Seeing occurs before the wheels of processing start. At that moment, when one's vision and hearing are clear, and color and sound are purely received, which side is the right side? In pure cognition, how do you make a decision? How do you know whether it's this or that, good or bad? How do you differentiate? How do you get across the street? "This side" doesn't reach it; "that side" doesn't reach it. "Neither this nor that" misses it. "Both this and that" are ten thousand miles from the truth. This adds further complications to the question "Which side is the right side?" You can use any of the dualities in this framework - good or evil, holy or profane, enlightened or deluded, monastic or lay practitioner, male or female. It's not one and it's not the other. It's not neither and it's not both. How do you respond?
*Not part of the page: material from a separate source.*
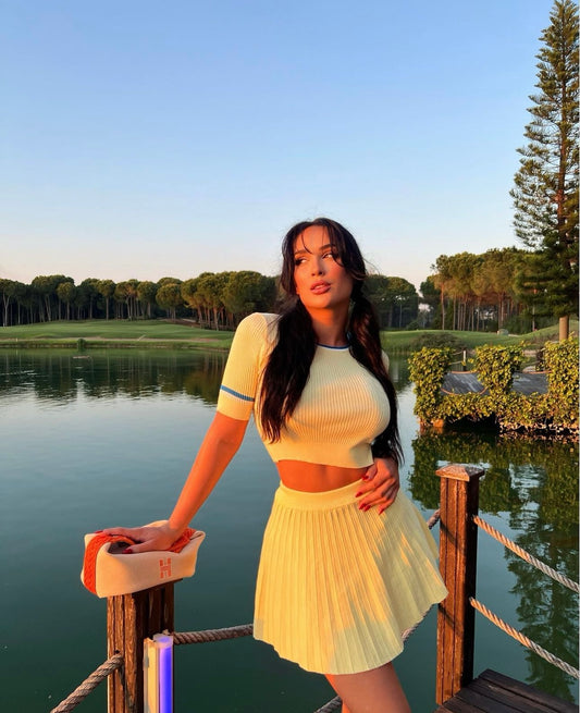 Set me detaje limonash vjen me kemishen me menge te gjata dhe pantallonat e shkurtera....
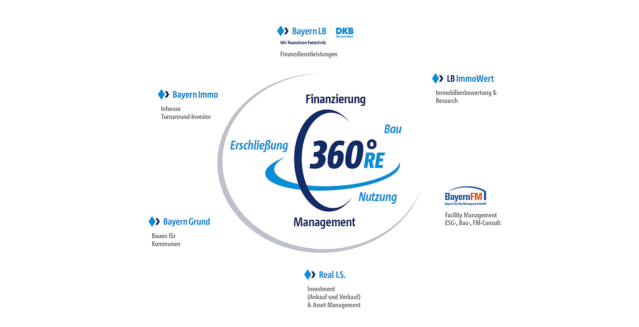 Als Tochtergesellschaft der BayernLB gehören wir zu einem starken Verbund, der Kunden weit über die Finanzierung ihrer Immobilien hinaus begleitet. Unsere Teams unterstützen Projektentwickler, Investoren, Wohnungsunternehmen, institutionelle Fondsinitiatoren oder Assetmanager entlang der kompletten Wertschöpfungskette. Diesen Rundum-Service nennen wir 360° Real Estate-Angebot – kurz: 360° RE.

Avoid the slightest trace of right and wrong, and say a word. This final line tells us how to do it. It was this the type of imperative that brought the monastic Ming to a deep enlightenment in his encounter with the Sixth Ancestor. Ming was chasing after Hui-neng, determined to retrieve the bowl and robe of Bodhidharma from him. Finally, when he caught up to Hui-neng, the Sixth Ancestor put down the robe and bowl and said, "This robe was given to me on faith. How can it be fought for by force? I leave it for you to take it." Ming tried to pick up the robe and bowl but couldn't - they were as heavy as a mountain. He fell to his knees, trembling, and said, "I come for the teachings, not the robe. Please teach me, oh lay brother." Completely open, completely receptive, completely ready, he was a man teetering on the brink of realization. Immediately, the Sixth Ancestor struck. "Think neither good nor evil," he said. "At that very moment, what is the true self of monastic Ming?" Ming saw it instantly. Avoid the slightest trace of right and wrong. At that instant, which is the right side?
The main case: The caterpillar said, "One side will make you grow bigger, and the other side will make you grow smaller." "One side of what? The other side of what?" thought Alice to herself. "Of the mushroom," said the caterpillar. Alice looked at the mushroom, trying to make out which were the two sides of it, as it was perfectly round. This koan is adapted from Alice's Adventures in Wonderland. During her journey down the rabbit hole, Alice encountered the wise caterpillar. At the time of the meeting, she was about three inches tall, or the same size as the caterpillar. The caterpillar, sitting on a mushroom, smoking a pipe, said, "Who are you?" Alice responded, "I hardly know, sir, just at the present. At least, I know who I was when I got up in the morning, but I think I must have changed several times since then." We all do that. How many faces do we wear in the course of one day? "What do you mean by that?" said the caterpillar sternly. "Explain yourself." "I can't explain myself, I'm afraid sir," answered Alice, "I'm not myself, you see."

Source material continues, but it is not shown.